- Trątnowice
- Coordinates: 50°12′18″N 20°07′11″E﻿ / ﻿50.20500°N 20.11972°E
- Country: Poland
- Voivodeship: Lesser Poland
- County: Kraków County
- Gmina: Słomniki
- Elevation: 257 m (843 ft)

Population (2021)
- • Total: 244
- Postal code: 32-090
- Area code: +48 12
- Vehicle registration: KRA

= Trątnowice =

Trątnowice – a village in Poland, located in the Lesser Poland Voivodeship, in Kraków County, within Gmina Słomniki. Geographically, the village lies in the area of the Miechów Upland (approximately 257 metres above sea level).

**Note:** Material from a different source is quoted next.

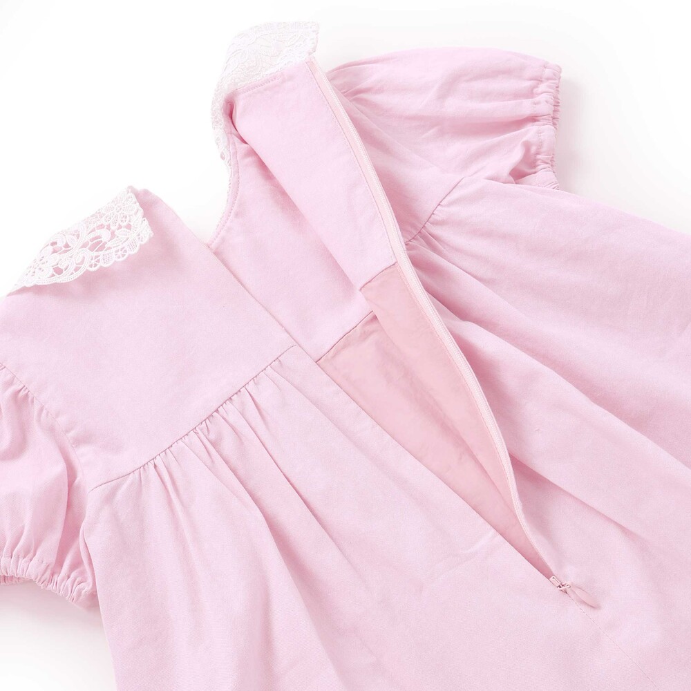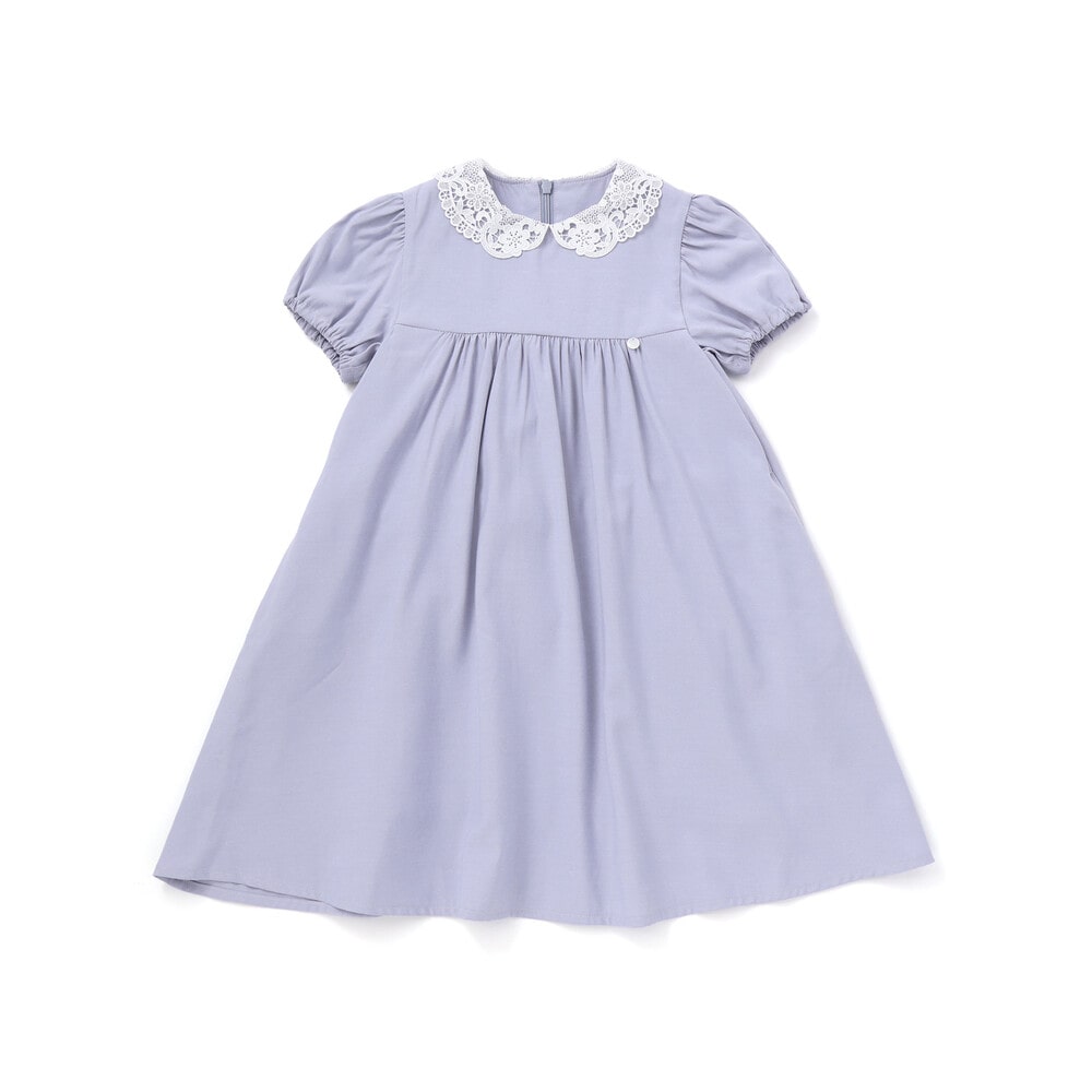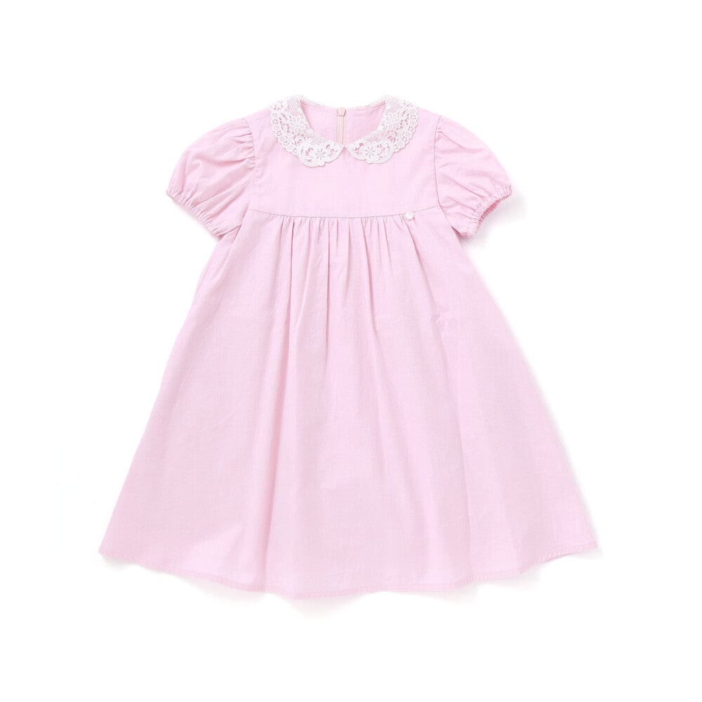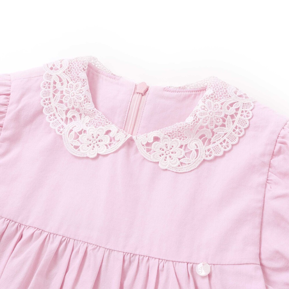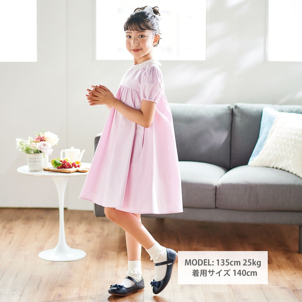 レースの襟とふんわりパフスリーブが、女の子らしい華やかさを引き立てます。

Integral parts of the village:

- Kolonie Trątnowskie
- Nadział
- Stara Wieś

Trątnowice borders the following localities:

- Niedźwiedź
- Szczepanowice
- Czechy
- Skrzeszowice

== History ==

The oldest documented mention of the village dates back to 1279. In a document issued by Duke Bolesław the Chaste, confirming the possessions of the Poor Clares’ convent in Grodzisko, the village is listed under the name Trantnowice. At that time, the duke granted permission to relocate service population from Goszcza to this village (as well as to Wierzbno).

In the 15th century, the village came under the influence of the powerful noble family of the Szafraniec family, owners of the nearby Pieskowa Skała. In 1402, Piotr Szafraniec allocated income from part of Trątnowice to endow an altar in the Wawel Cathedral. This foundation was expanded in 1412, when part of the village’s income began to support the budget of the Kraków Academy, providing financial assistance to its professors and students.

In the 19th century, an agricultural estate (manor farm) operated in Trątnowice. In the local manor house, on 2 October 1880, Edward Kopciński was born — a Polish painter and educator, a student of Teodor Axentowicz and Józef Mehoffer.

During World War I, in November 1914, fighting took place in the vicinity of the village between Russian and Austro-Hungarian troops (as part of the Battle of Kraków). A remnant of these events is a war grave located in the fields (near property no. 12), in the form of an earthen mound. It most likely contains the remains of 24 soldiers of the Russian Army and 1 soldier of the Austro-Hungarian Army.

In the years 1975–1998, the village administratively belonged to the former Kraków Voivodeship.

== Volunteer Fire Brigade ==
The village has a unit of the Volunteer Fire Brigade (OSP Trątnowice), operating as an association. The unit is not included in the National Firefighting and Rescue System (KSRG), serving a supporting role in the fire protection system of Gmina Słomniki.

History and equipment:

Although firefighting traditions in the village date back to the mid-20th century, the unit obtained its current legal form on 29 May 2001, when it was officially entered into the National Court Register (KRS).

A significant event in the unit’s recent history occurred in 2021, when the OSP acquired a newer firefighting vehicle. With funds from the budget of Gmina Słomniki, a light reconnaissance and rescue vehicle Ford Transit was purchased, previously used by the OSP Sulisławice unit. It replaced worn-out equipment and increased the unit’s mobility.

The fire station (located at number 62) serves as the centre of social life in the village, functioning as a venue for residents’ meetings and cultural events.

== Sport and recreation ==
In 1946, a football club was founded in the village: LKS “Trątnowianka” Trątnowice. Over the years, the team competed in leagues organised by the Lesser Poland Football Association, playing, among others, in Class B (Kraków I group) and Class C.

The village also has a playground adapted for young children.

== Transport ==
A minibus also serves the village on weekdays, operating on the following route:

- Niedźwiedź PKP – Trątnowice – Słomniki Osiedle
- Słomniki Osiedle – Trątnowice – Niedźwiedź PKP

The minibus is adapted for people with disabilities.

Ticket price: 3 PLN per ride. Monthly tickets are also available.

In the iMKA – Małopolska Agglomeration Card application, after creating an account, users can check the route, arrival times, and live location of the minibus.

More information is available on the Gmina Słomniki website in the transport section.

== Education ==
Students from the village are transported by school bus to the Primary School named after Tadeusz Kościuszko in Niedźwiedź.

== Telecommunications ==
Fibre-optic internet with a maximum bandwidth of 1 Gb/s has been installed in Trątnowice and nearby villages. Landline telephone numbers in this area begin with the digits 12 388 22 **.

== Religion ==
Roman Catholic faithful belong to the Diocese of Kielce (parish of Niedźwiedź Parish).